Despite less-than-energetic first periods, the Flyers have done an admirable job collecting points this season and climbing into a playoff spot.
That said, there have been too many slow starts. Too many times where they have fallen behind and chased the game.
It happened again Tuesday in a 5-4 shootout loss in Detroit.
The Flyers were outplayed, outshot, and outworked in the first period — against a going-nowhere team that had lost 10 straight — and fortunate to be in a scoreless tie after 20 minutes.
They have led after the opening period just 14 times in 74 games.
“That’s something we’re not happy with,” said rookie defenseman Robert Hagg, one of eight players on the ice for an optional practice Wednesday in Voorhees. “We need to be more prepared going into the games.”
In the loss to the lowly Red Wings, the Flyers fell into a 3-1 hole heading into the third period.
“Maybe we thought it was going to be an easy game and we didn’t play the right way, didn’t play hard,” center Sean Couturier, who scored his 30th goal of the season and 100th of his career, said after the defeat. “We wasted 40 minutes. We came back and got a big point, but we can’t be wasting time at this time of the year.”
“It gets harder and harder at this time of year to catch up,” coach Dave Hakstol said Wednesday, referring to the Flyers’ habit of falling behind in games. “A first period like last night, where it was just OK, isn’t good enough at this time of year. That’s an area where we have to grow and mature and do it quick, because there aren’t a lot of opportunities left.”

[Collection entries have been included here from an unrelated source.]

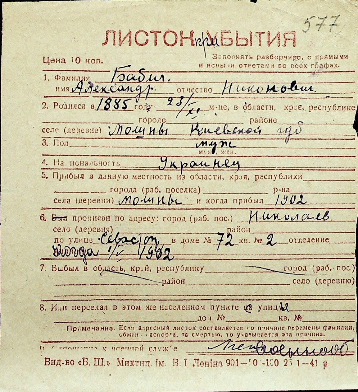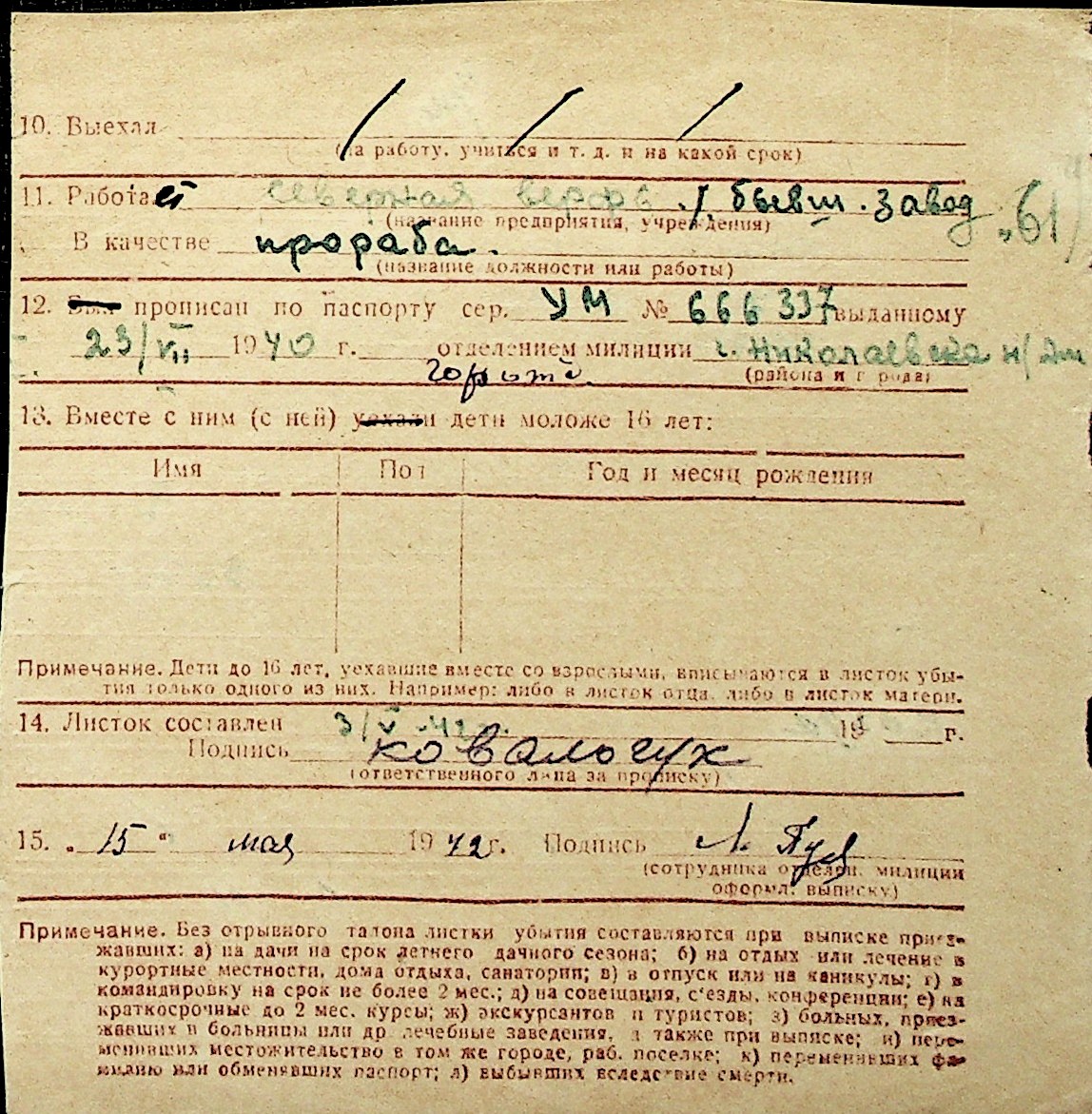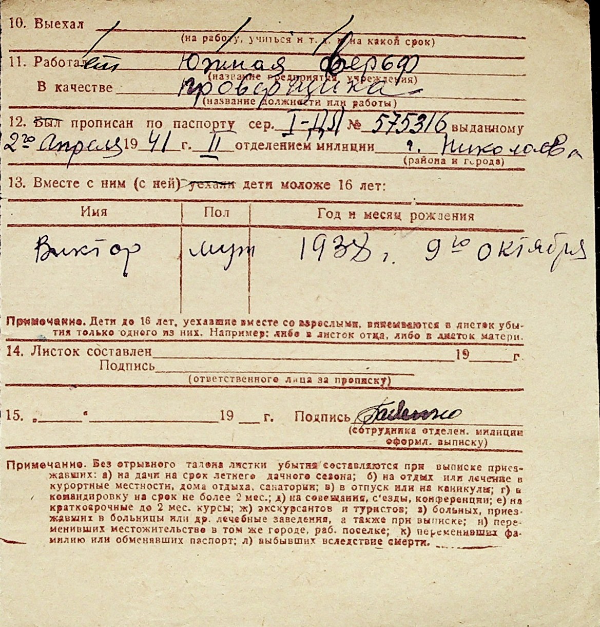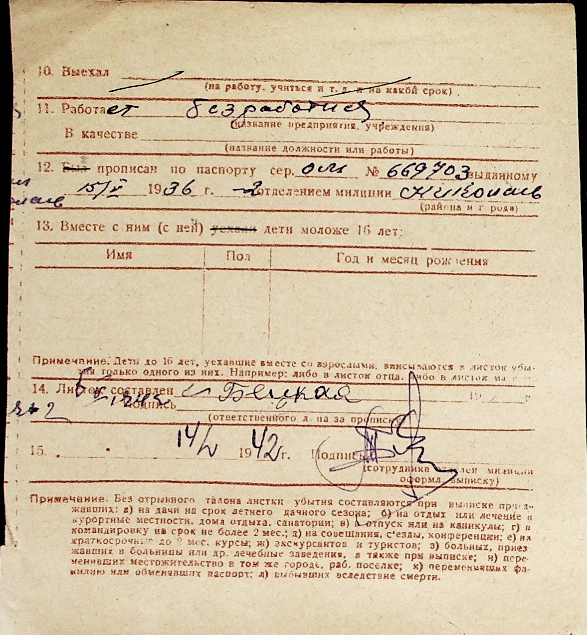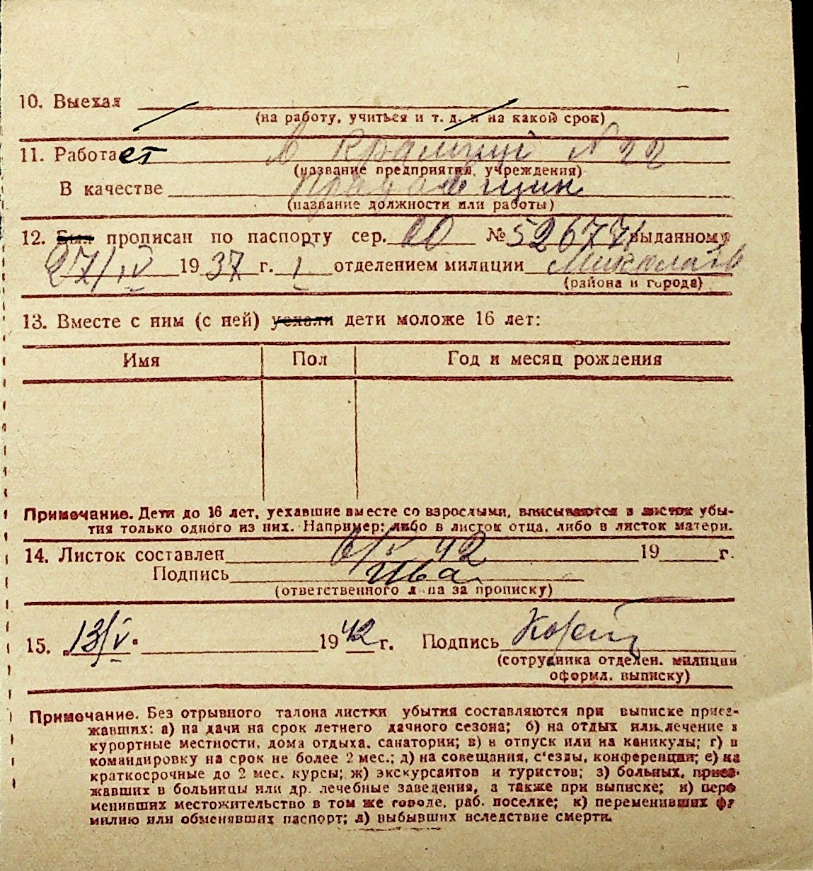 ◦ ◦ Перелік карток на осіб, які мешкали у м. Миколаїв у період окупації 1941–1944 років
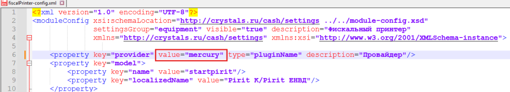 Сохраните изменения в файле. Затем откройте файл C:\Dreamkas\Start\crystal-cash\config\modules\fiscalPrinter-config и пропишите параметр value="mercury"
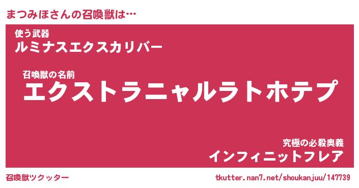 | ファンタジー風あだ名 | 『マツフェル』『エターナルマツミホー』 |
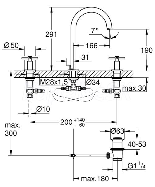 GROHE 20008DC3 ATRIO M Umývadlová 3-otvorová batéria s výpusťou, Supersteel

The Flyers have eight games remaining, starting with Thursday’s meeting against the visiting New York Rangers.
Couturier said “each individual just has to prepare themselves, maybe a little better. Try to be ready from the start. Just focus on yourself and what you have to do to help the team.”
On Thursday, the Flyers will face another team out of playoff contention.
“It’s more up to us. It doesn’t matter how they play,” said Hagg, whose team is 1-1 against the Rangers, including a 7-4 victory Feb. 18 in their most recent meeting. “We need to bounce back. That game [Tuesday] wasn’t good enough at all from anyone. We need to be prepared, especially for the start of the game.”
Rookies are expected to be in the nets for each team. Alex Lyon (3-2-1, 2.42 goals-against average, .914 save percentage) figures to get the start for the Flyers, and he will oppose Bulgarian-born Alexandar Georgiev, who is 3-2-1 with a 2.94 GAA and a .922 save percentage.
In last month’s win at Madison Square Garden, Lyon stopped 25 of 26 Rangers shots in relief and recorded his first NHL victory. He played well Tuesday after relieving the struggling Petr Mrazek, stopping 11 of 12 shots and helping the Flyers salvage a point.
“He’s shown a real good level of ability to be performance-ready, whether it’s in a start or coming off the bench, which isn’t always the easiest scenario,” Hakstol said. “He’s given us a chance each time to get back into a game.”
Conversely, the recently acquired Mrazek has dipped dramatically. After winning his first three starts with the Flyers, he has just two victories in his last nine appearances. He has a 3.27 goals-against average and a .885 save percentage in 12 games with the Flyers, and those numbers are considerably weaker than his career numbers (2.60 GAA, .912 save percentage) with Detroit.
“He’s made a lot of good saves, but at this time of year, it’s about looking for that one extra save somewhere that can make a difference,” Hakstol said.
The Flyers have slipped into the top wild-card spot. They are five points out of first place, and five points ahead of surging Florida, which has three games in hand and is trying to get into the second and final wild-card position.
“We remain in a good spot, but everything is tight and every single point is at a premium,” Hakstol said. “We earned a point in the third period [Tuesday], but I think we clearly have to know we let a point slip away in the first half of that hockey game.”
It’s a familiar refrain, and the poor starts need to end if the Flyers are going to be taken seriously in the playoffs — if they get there.